Has a thread started up yet? In any event Chris Bogart did
a post reviewing the home game that got buried somewhere else, so I thought I'd bring attention to that and post my own musings.
If any of this is old news to you by reading golden-road.net or anything my apologies. Basically, a number of participants bid (the rules suggest writing them down, but we go for the one-at-a-time TV style) and the winner takes on the remote for their pricing game.
The 12 included are: Cliff Hangers, Danger Price, Five Price Tags, Golden Road, Grand Game, Lucky Seven, Most Expensive, Pass the Buck, Plinko, Push Over, Safe Crackers & Shell Game. While I haven't demo'd all of them, I did find they were well designed and fun to play. Golden Road for example uses stacks right from the show. Cliff Hangers gives your options instead of an open dialog box, but it covers a decent range of prices, and is reasonable if you're not "bids $200 on a can opener" guy.
The graphics are of course stellar...well done, crisp adaptations of the games and set. I could drone on about what's not accurate and stuff, but that's superfluous to the enjoyment.
The Big Wheel here serves as more of a utility in that you press enter and it provides you a random animation of the wheel spinning and hitting a result. It does add up scores, but does not keep track or limit you to a game for three people. It takes away a tad when you have no control over the result, but it serves its purpose, and I guess that's okay.
The prizes are done as such: a still is provided from the show and its corresponding copy. You hear a bevy of announcers and music here...from Rich to Rod to Daniel to Randy and a few others I'm not familiar enough with to identify. Again, you can complain you're playing Danger Price with prizes clearly featured in Credit Card or whatever, but it's obviously miles ahead of showing you a crude black and white drawing or no picture at all.

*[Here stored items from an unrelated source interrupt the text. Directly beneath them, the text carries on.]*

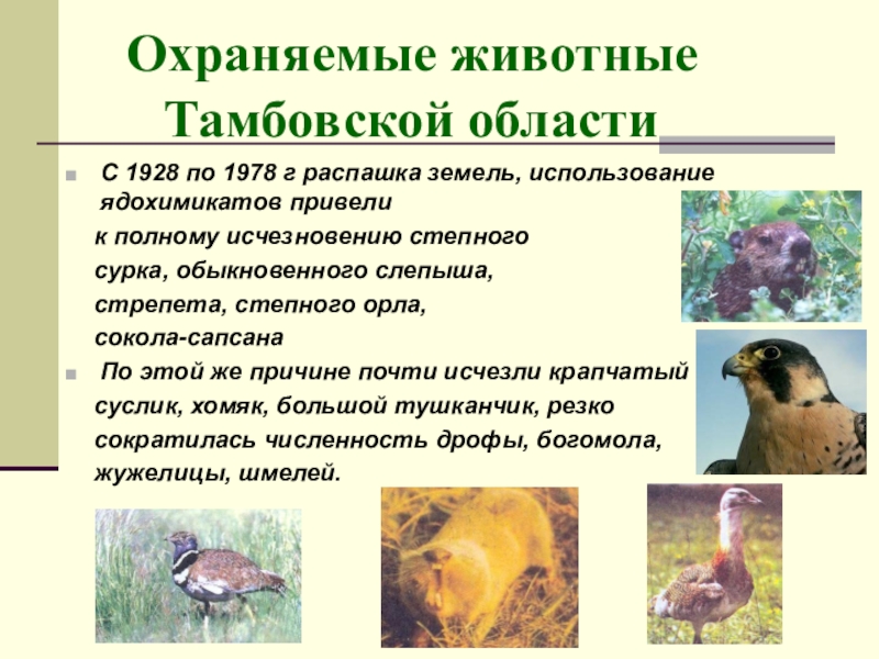 Охраняемые животные    Тамбовской областиС 1928 по 1978 г распашка земель, использование ядохимикатов привели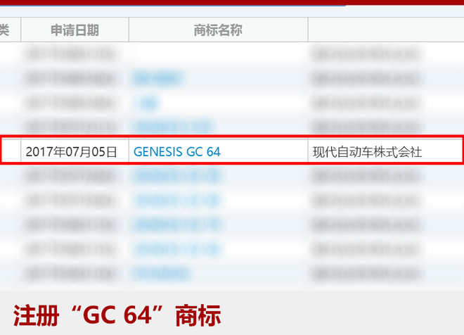 现代汽车此前推出了全新的高端子品牌—Genesis,旗下G90、G80、G70都已陆续上市。在此基础上,Genesis还将不断扩充产品阵容。网通社从国家工商总局商标局了解到:现代自动车株式会社注册了“GC 64”商标,未来将被用为车辆的命名。根据Genesis公布的产品规划,“GC 64”有望被用于一款双门轿跑车的命名。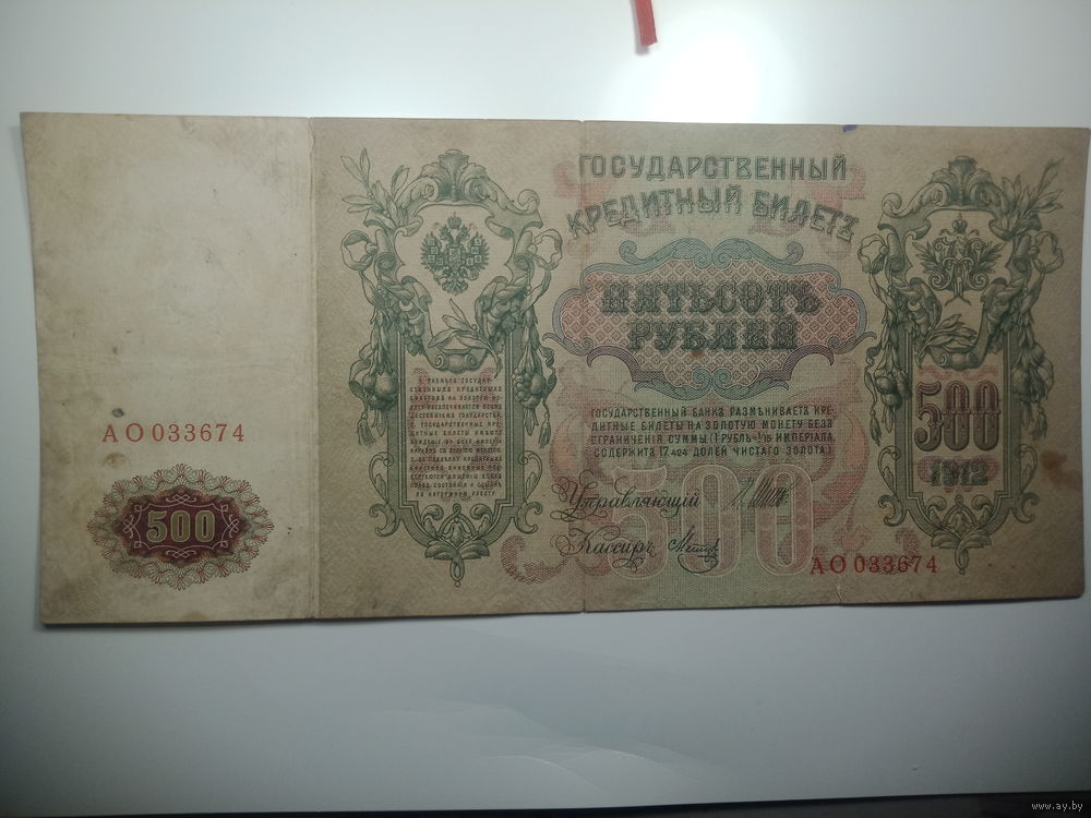 500 рублей 1912 года , Шипов - Метц , АО 047798 , Временное правительство .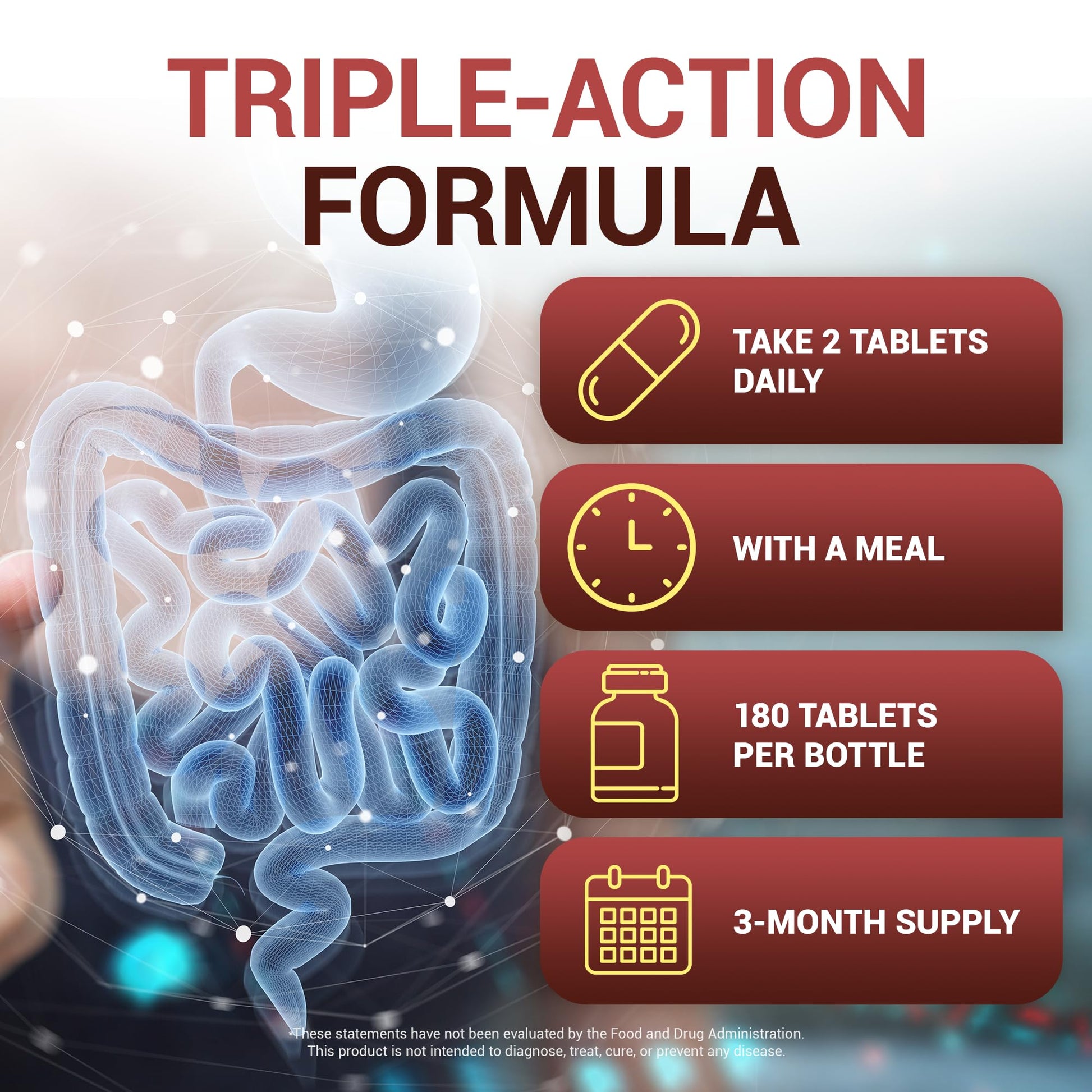 - 𝗔𝗗𝗩𝗔𝗡𝗖𝗘𝗗 𝗗𝗜𝗚𝗘𝗦𝗧𝗜𝗩𝗘 𝗙𝗢𝗥𝗠𝗨𝗟𝗔 - This advanced digestion supplement contains Betaine HCI and a proprietary blend that includes Organic Apple Cider Vinegar (ACV), Ginger Root, Peppermint Leaf and more. Recommended usage is 2 tablets with meals. 90-day supply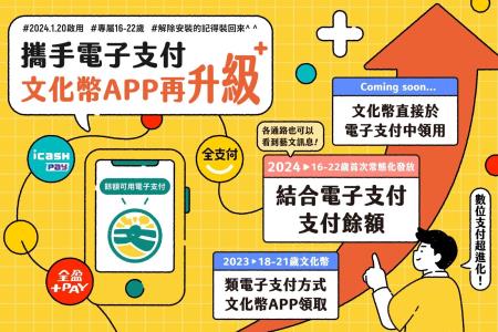 今年首次常態化擴大發給16-22歲青年的文化成年禮金,將於1月20日正式上路。文化部今(10)日宣布,將攜手全支付、全盈+PAY、icash Pay等3家具有實體店面的電子支付共同合作,文化幣APP再升級,文化幣支付不足餘額可以3家電子支付付款,為青年打造更便利的藝文消費體驗;同時即日起3家零售通路也將回饋藝文訊息露出機會,方便所有民眾獲取藝文資訊,全面提升藝文產業能量。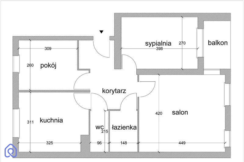 Trzypokojowe mieszkanie z osobną kuchnią.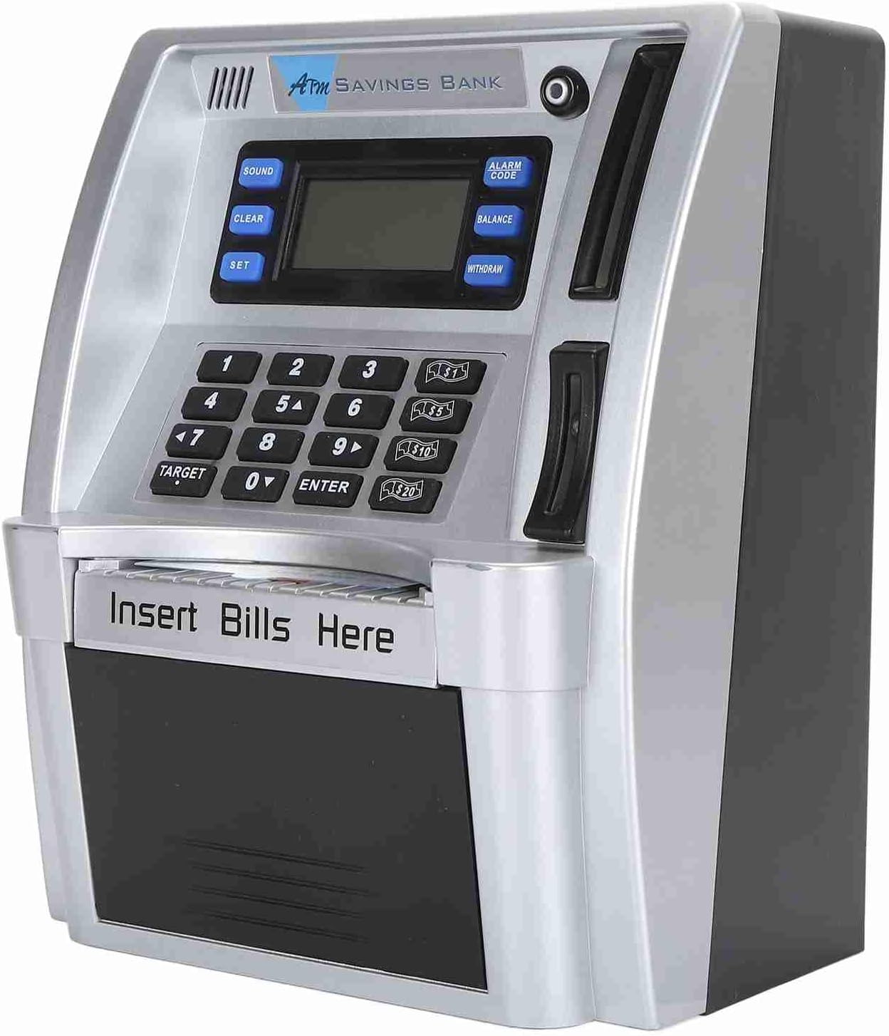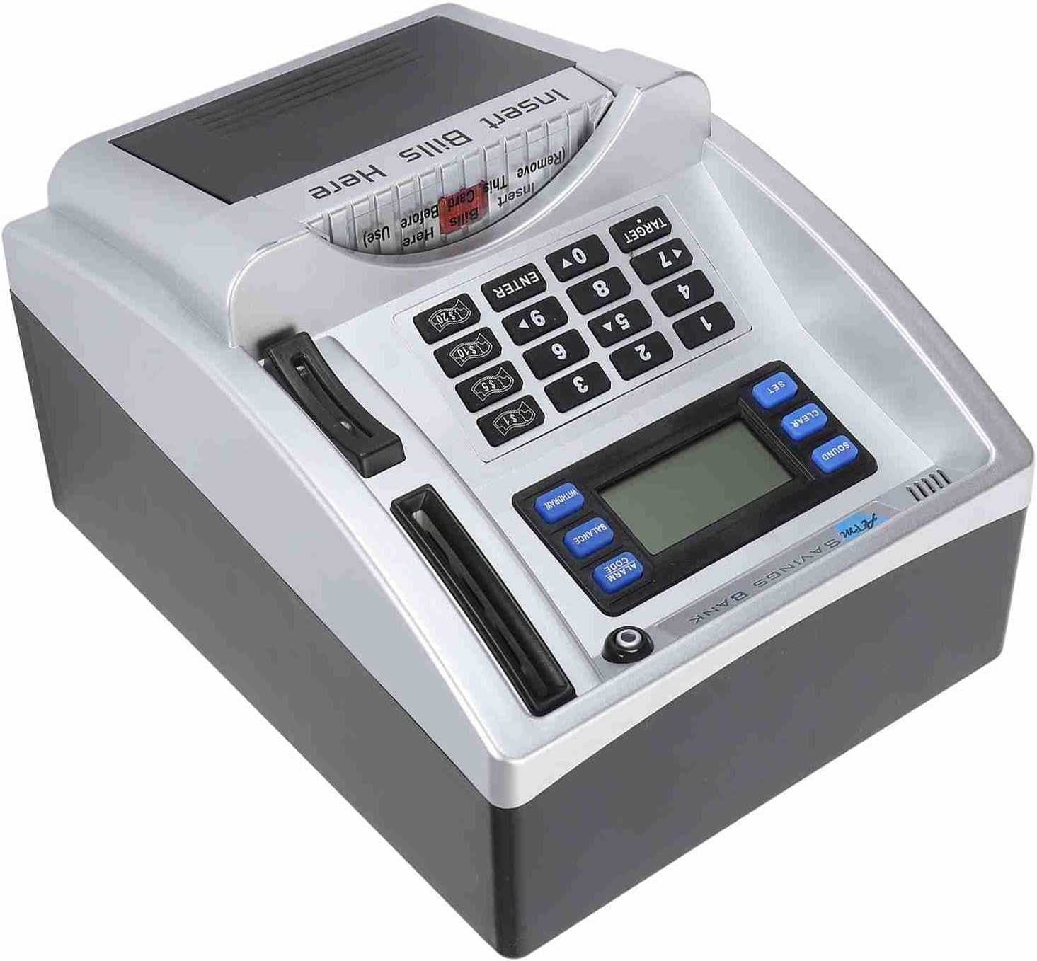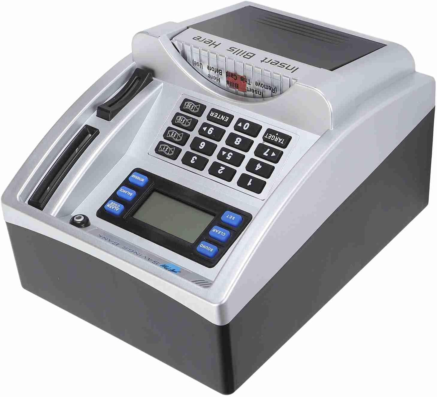 [Esperienza di divertimento ed educativo ATM] Questo bancopia elettronica ATM imita le macchine bancomat del mondo reale con istruzioni vocali e uno schermo LCD per visualizzare le transazioni. Fornisce un modo interattivo divertente per i bambini di imparare la gestione del denaro mentre monitorano depositi e prelievi in tempo reale. [Riconoscimento automatico di monete e bollette] Progettata con tecnologia avanzata Questo salvadanaio presenta uno slot di monete che identifica e calcola le monete inserite. Lo slot delle note rotola automaticamente in moneta cartacea quando il pulsante Nota viene premuto rendendo senza sforzo e coinvolgente per i bambini. [Obiettivi di risparmio personalizzabile] I bambini possono fissare obiettivi di risparmio personale fino a 9999,99 insegnando loro preziose capacità di pianificazione finanziaria. Lo schermo LCD monitora visivamente i loro progressi motivandoli a raggiungere i loro obiettivi mentre imparano le abitudini di denaro responsabili. [Protezione PIN ad alta sicurezza] dotato di un di accesso al codice a 4 cifre Questo Piggy Bank assicurano che i risparmi rimangano sicuri. Il pin può essere facilmente ripristinato se dimenticato fornendo sicurezza e comodità per i giovani utenti. [Strumento di apprendimento finanziario interattivo] Più di un semplice salvadanaio questo dispositivo combina il gioco con l'educazione. Le sue funzioni ATM realistiche tra cui monitoraggio dei depositi e aggiornamenti sull'equilibrio aiutano i bambini a comprendere i concetti bancari in modo pratico.

The biggest gripe for me lies with the showcase. The huge plus is that they're taken from the episodes, and that they went the extra mile to put in a few extra pictures of each prize, so that the presentations have more life. But why is this multiple choice? There are six choices for each showcase bid covering a range of prices, but considering the game only uses this to tell you who won in the end (not telling you the differences or anything) why can't we just write it down and have the right guy/gal celebrate with the game's music and SFX? If Trivial Pursuit: DVD and Scene It can settle for a generic "you win" montage at the end of the game, why couldn't TPIR?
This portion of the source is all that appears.